> _Work instruction_:
Output only the lines below from the one holding "Expresó la mujer." down to the one holding "24일 뉴스핌 취재에", both end lines included and every picture dropped.

> _Data in this exercise_:
□ □ □ □ □ □ □
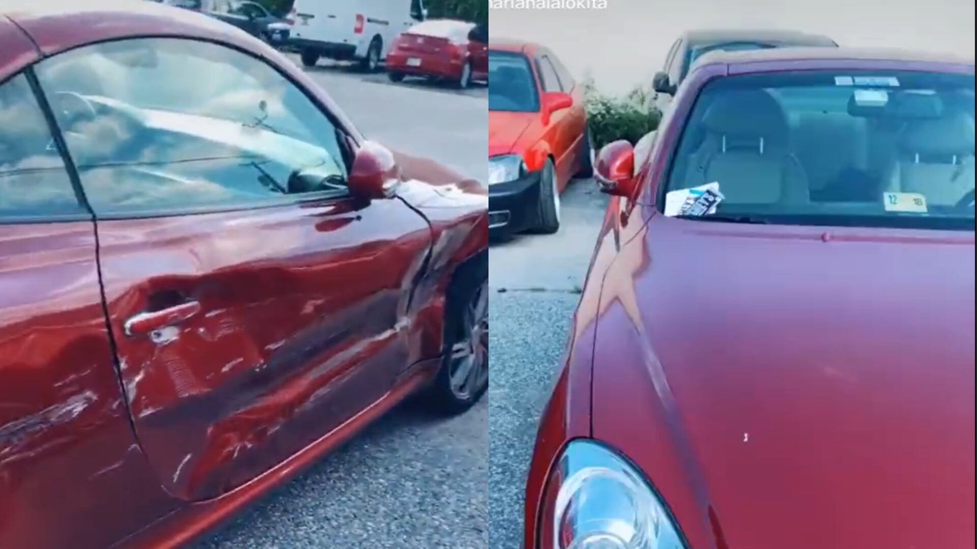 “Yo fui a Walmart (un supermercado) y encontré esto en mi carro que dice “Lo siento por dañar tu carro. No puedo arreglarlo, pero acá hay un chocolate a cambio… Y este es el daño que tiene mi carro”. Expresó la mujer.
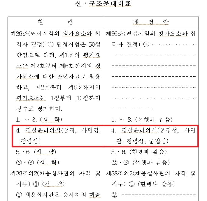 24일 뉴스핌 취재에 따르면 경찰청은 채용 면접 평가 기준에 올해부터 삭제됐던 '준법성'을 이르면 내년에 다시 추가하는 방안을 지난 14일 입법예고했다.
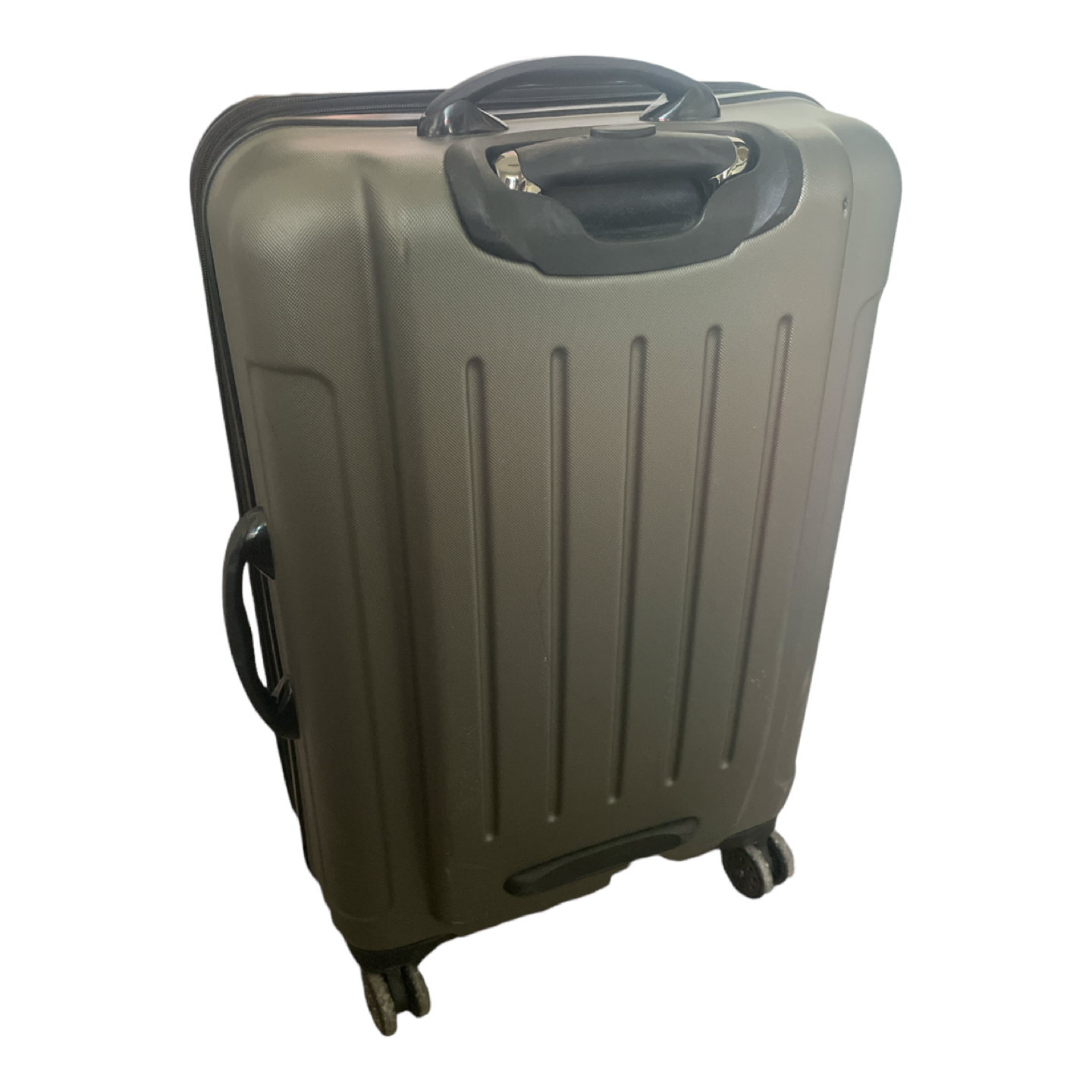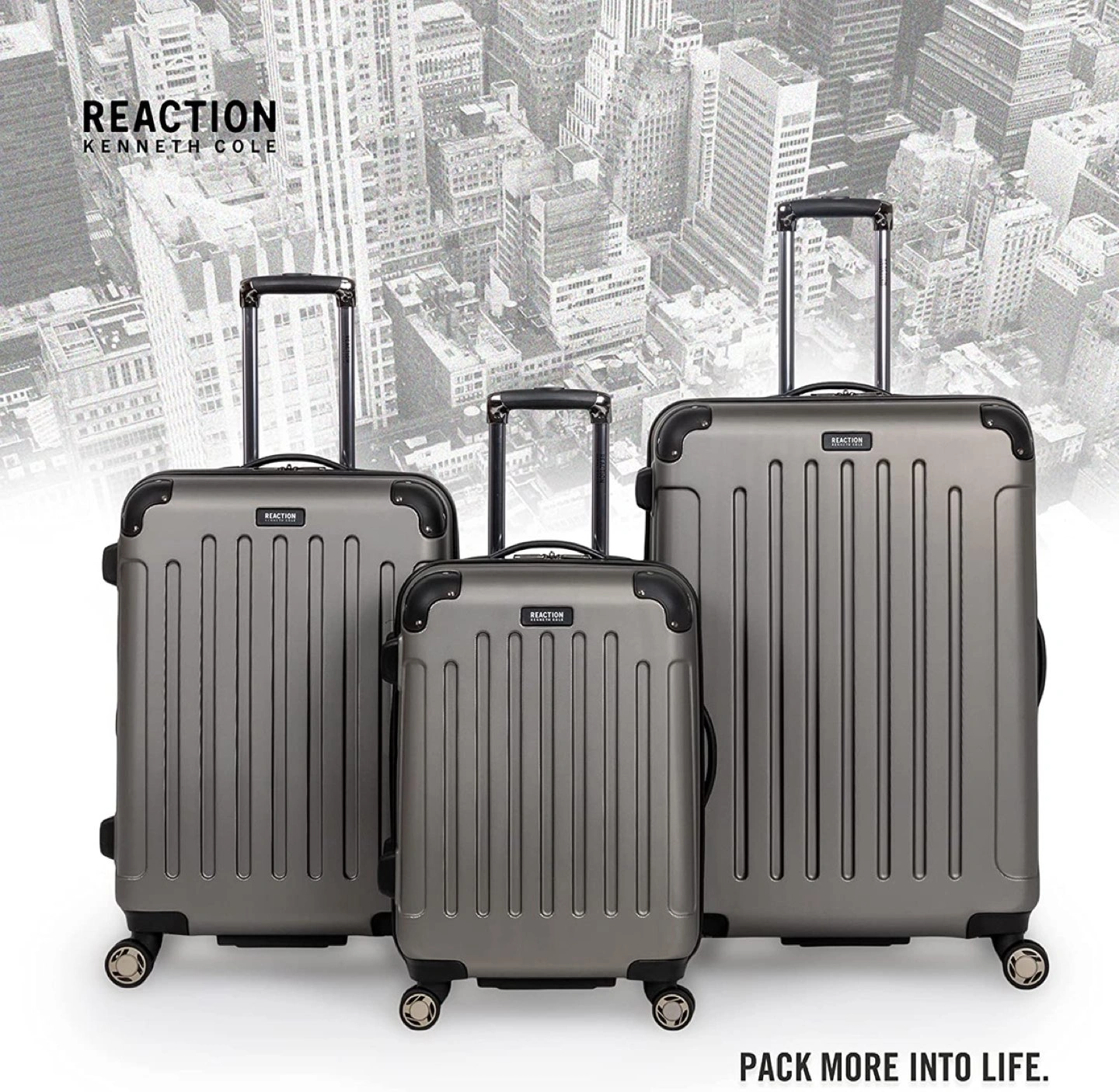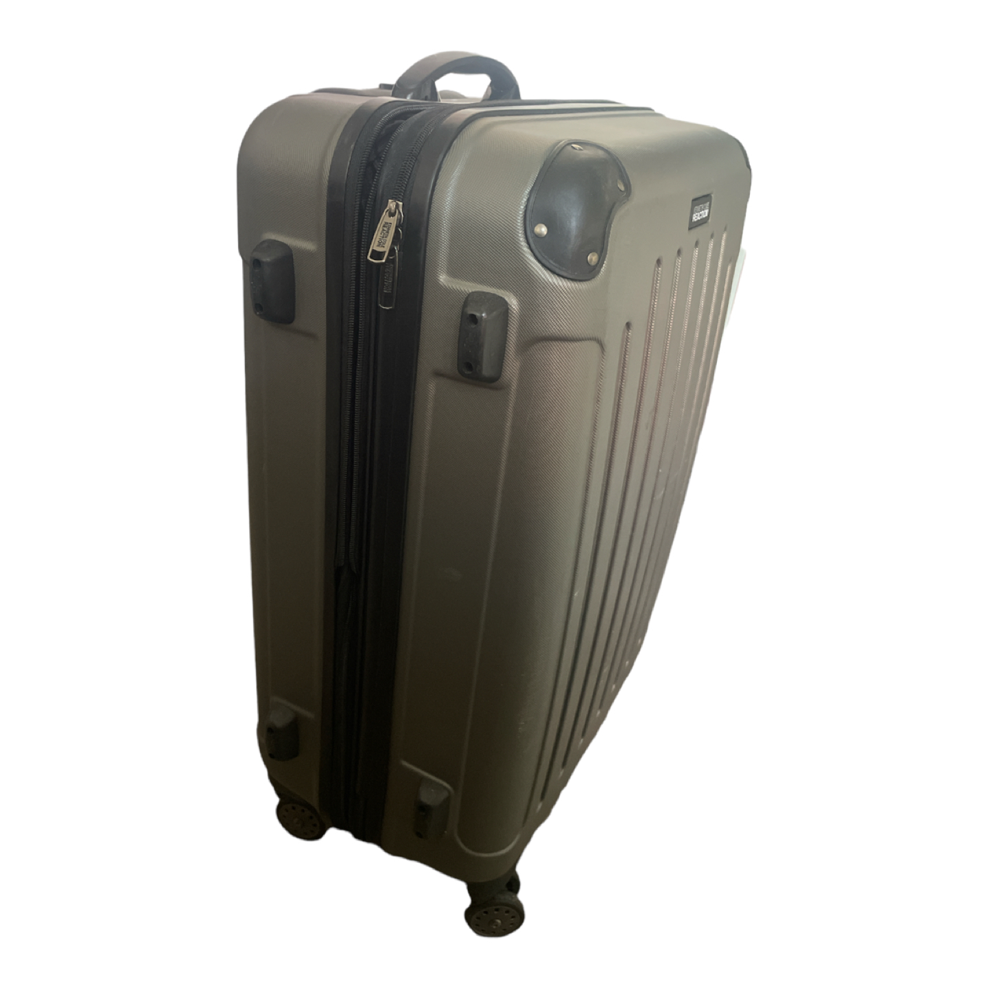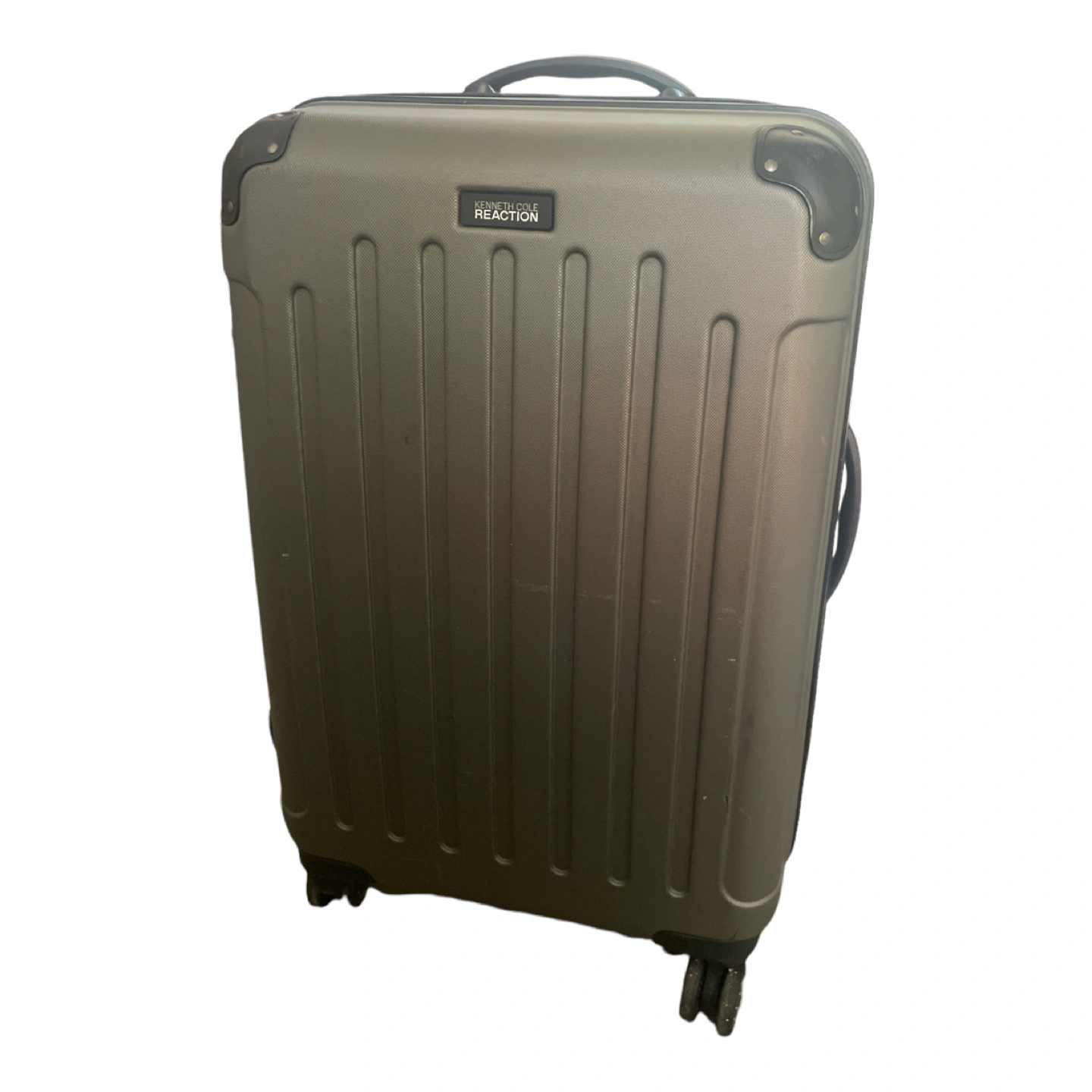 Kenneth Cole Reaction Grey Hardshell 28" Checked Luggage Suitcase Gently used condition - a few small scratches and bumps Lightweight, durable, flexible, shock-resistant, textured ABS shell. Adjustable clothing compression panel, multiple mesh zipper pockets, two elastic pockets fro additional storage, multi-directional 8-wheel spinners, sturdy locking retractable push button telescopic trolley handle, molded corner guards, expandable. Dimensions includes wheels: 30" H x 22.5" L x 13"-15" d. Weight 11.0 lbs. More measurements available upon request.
□ □ □ □ □ □ □
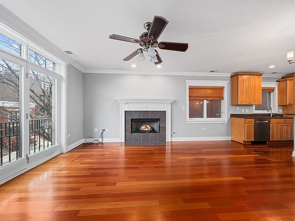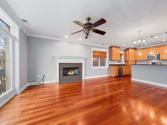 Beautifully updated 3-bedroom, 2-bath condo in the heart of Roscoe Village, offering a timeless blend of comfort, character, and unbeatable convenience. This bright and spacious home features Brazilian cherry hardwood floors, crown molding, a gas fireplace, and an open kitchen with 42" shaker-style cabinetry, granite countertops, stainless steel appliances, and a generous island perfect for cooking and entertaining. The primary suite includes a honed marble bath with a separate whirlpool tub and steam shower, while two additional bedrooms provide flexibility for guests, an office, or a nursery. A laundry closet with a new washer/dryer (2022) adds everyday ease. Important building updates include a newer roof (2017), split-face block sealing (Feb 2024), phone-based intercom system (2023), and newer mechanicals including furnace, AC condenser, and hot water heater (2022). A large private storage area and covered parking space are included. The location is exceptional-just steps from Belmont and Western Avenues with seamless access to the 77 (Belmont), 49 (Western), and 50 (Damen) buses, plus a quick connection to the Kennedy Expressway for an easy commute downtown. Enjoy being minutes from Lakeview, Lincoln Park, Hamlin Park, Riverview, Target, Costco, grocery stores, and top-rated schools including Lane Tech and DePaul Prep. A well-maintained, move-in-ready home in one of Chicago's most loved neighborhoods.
□ □ □ □ □ □ □
> _Result of this exercise_:
 “Yo fui a Walmart (un supermercado) y encontré esto en mi carro que dice “Lo siento por dañar tu carro. No puedo arreglarlo, pero acá hay un chocolate a cambio… Y este es el daño que tiene mi carro”. Expresó la mujer.
 24일 뉴스핌 취재에 따르면 경찰청은 채용 면접 평가 기준에 올해부터 삭제됐던 '준법성'을 이르면 내년에 다시 추가하는 방안을 지난 14일 입법예고했다.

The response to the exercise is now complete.